Against Japan, with his team losing by one goal to nil, Ivory Coast’s Didier Drogba took the field to talismanic effect. Scarcely had the two-time African Footballer of the Year taken the fray than his teammates had scored two goals within four minutes, and following the game he was credited with inspiring them to victory.
Drogba’s leadership qualities have long been visible far beyond the football pitch; most notably in October 2005, when he called for rival political factions in his homeland to lay down their arms.
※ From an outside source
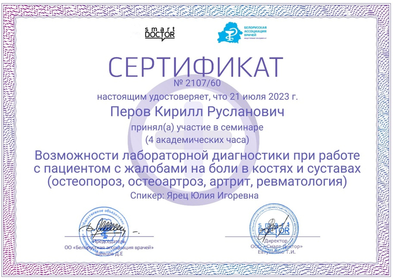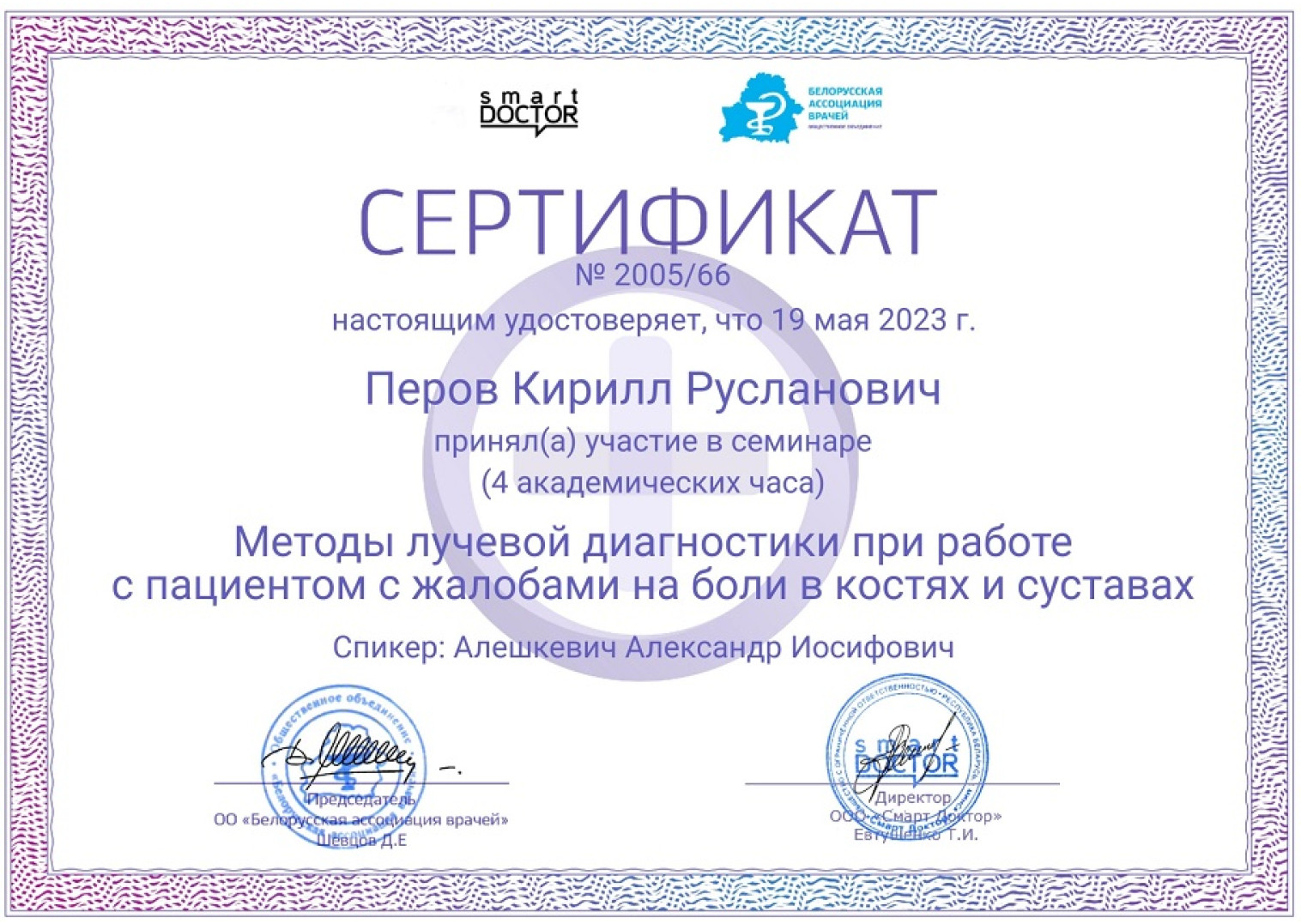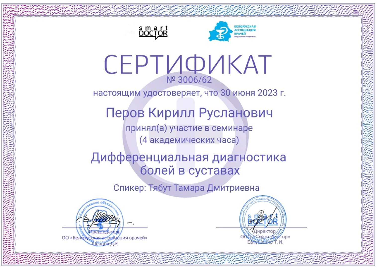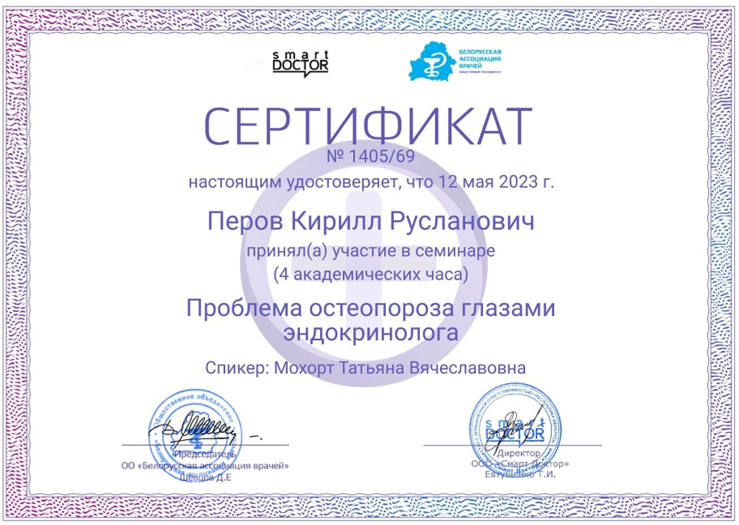 2023 г. — Курсы повышения квалификации по программе «Ультразвуковая ангиология»
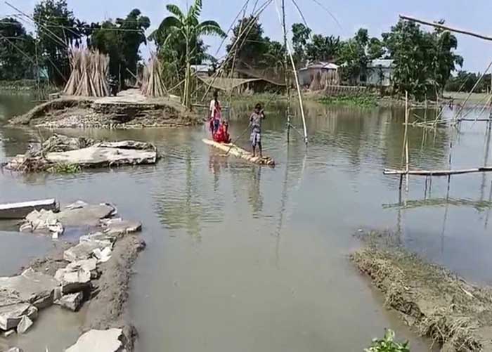 ಅಸ್ಸಾಂನ ಬರ್ಪೇಟಾ ಜಿಲ್ಲೆಯಲ್ಲಿ ಪ್ರವಾಹ ಪರಿಸ್ಥಿತಿಯಿಂದಾಗಿ ರಸ್ತೆಗಳು ನೀರಿನ ರಭಸಕ್ಕೆ ಕೊಚ್ಚಿ ಹೋಗಿದ್ದು, ಗ್ರಾಮಸ್ಥರು ಪರದಡುವ ಸ್ಥಿತಿ ಬಂದೊದಗಿದೆ. ಜಿಲ್ಲೆಯ ಸುಖುವರ್ಜಾರ್ ಮಹಿಷ್ಖುತಿ ಪ್ರದೇಶದ ಗ್ರಾಮಸ್ಥರು ಪ್ರವಾಹದಿಂದ ಪ್ರಭಾವಿತರಾಗಿದ್ದು, ರಸ್ತೆಯಿಲ್ಲದೆ ಭಾರೀ ಸಮಸ್ಯೆಗಳನ್ನು ಎದುರಿಸುತ್ತಿದ್ದಾರೆ.

While it is not entirely accurate that his intervention prevented further conflict – the fighting was already lessening in intensity prior to his famous televised speech – his willingness to take the role of athlete-as-activist was reminiscent of great sportsmen-statesmen such as Jackie Robinson and Muhammad Ali.
Drogba’s international team-mate, the Manchester City midfielder Yaya Touré, has also distinguished himself in recent months, making a series of uncompromising statements on the failure of football’s authorities to deal satisfactorily with racism within the game. To quote Peter Parker’s Uncle Ben, Touré realises that "with great power comes great responsibility." Yet while it might seem refreshing that players such as Touré see themselves as ambassadors, their stances have not always met with universal acclaim. On occasion, it is their own peers who have been most scathing.
In 2006, at a time of particularly racist right-wing demagoguery in France, Lilian Thuram offered to buy 80 immigrants tickets to watch him and the national team play against Italy in Paris. However, this did not save him from the famously stinging tongue of his fellow countryman Patrice Evra, who told Le Figaro in 2010 that "walking around with books on slavery in glasses and a hat does not make you Malcolm X."
Brutal as Evra’s words were, they contained an essential truth: that the business of campaigning effectively for social change is an extremely difficult one, for which footballers are frequently underqualified. George Weah, the only man to win all three titles of FIFA World Footballer of the Year, European Footballer of the Year and African Footballer of the Year, ran for president of Liberia in 2005. Had he won, he would have become his country’s first post-war leader: however, given his heavy reliance on his popularity rather than any political experience, it is probably just as well as that he didn’t.
Ukraine’s Andriy Shevchenko, like George Weah a brilliant center-forward who played with distinction for AC Milan and his country, fared worse in politics than the Liberian. In 2012, he retired from the game and announced his candidacy for the Ukraine – Forward! party, yet his party won less than 2% of the national vote, and ended up without parliamentary representation. Perhaps chastened by this experience, he then stated his plans to become a professional golfer, a field where he has found the going far tougher than he once did on the football pitch.
The footballer who combined the roles of athlete and activist to best effect was probably Sócrates, the elegant midfielder who represented Corinthians and Brazil. Socrates was at the helm of the Democracia Corinthiana (Corinthians’ Democracy) movement, whose aim was to challenge the repressive nature of the way in which Brazil had been governed during decades of military dictatorship. Sócrates’ influence was such that he even managed to have a slogan, Dia 15 Vote, printed on the back of his team’s shirts, which encouraged Corinthians supporters to vote in the country’s first multiparty state elections since the military coup of 1964.
This World Cup, which is taking place against a backdrop of uncommon Brazilian dissent, is one in whose atmosphere Sócrates would have thrived; his social commentary and passion for direct action would doubtless have been a great asset to those on the street, and of great interest to those listening or watching at home. It may be heartening, then, for supporters of his work to see that a new generation of Brazilian footballers are assuming a mantle of leadership; men such as Gilberto Silva, a World Cup winner in 2002, whose Bom Senso (Common Sense) movement was established last year to bring about reform in domestic football. Meanwhile, Romário, a World Cup winner in 1994, is now a congressman in Rio, a platform that he has frequently used to denounce the corruption and waste that he perceives around this year’s edition of the tournament.
It is unsurprising that the footballers who are most vocal about their desires for progressive social change are those from countries where inequality is particularly profound. In those jurisdictions, where civil society has been weakened over time by repressive state institutions, the citizens put their hopes more than most in prominent figures outside the traditional political class. It is encouraging, then, that this World Cup has seen current and former players using their visibility with notable focus and sophistication: a diligence of which their predecessors, in both football and beyond, might well be proud.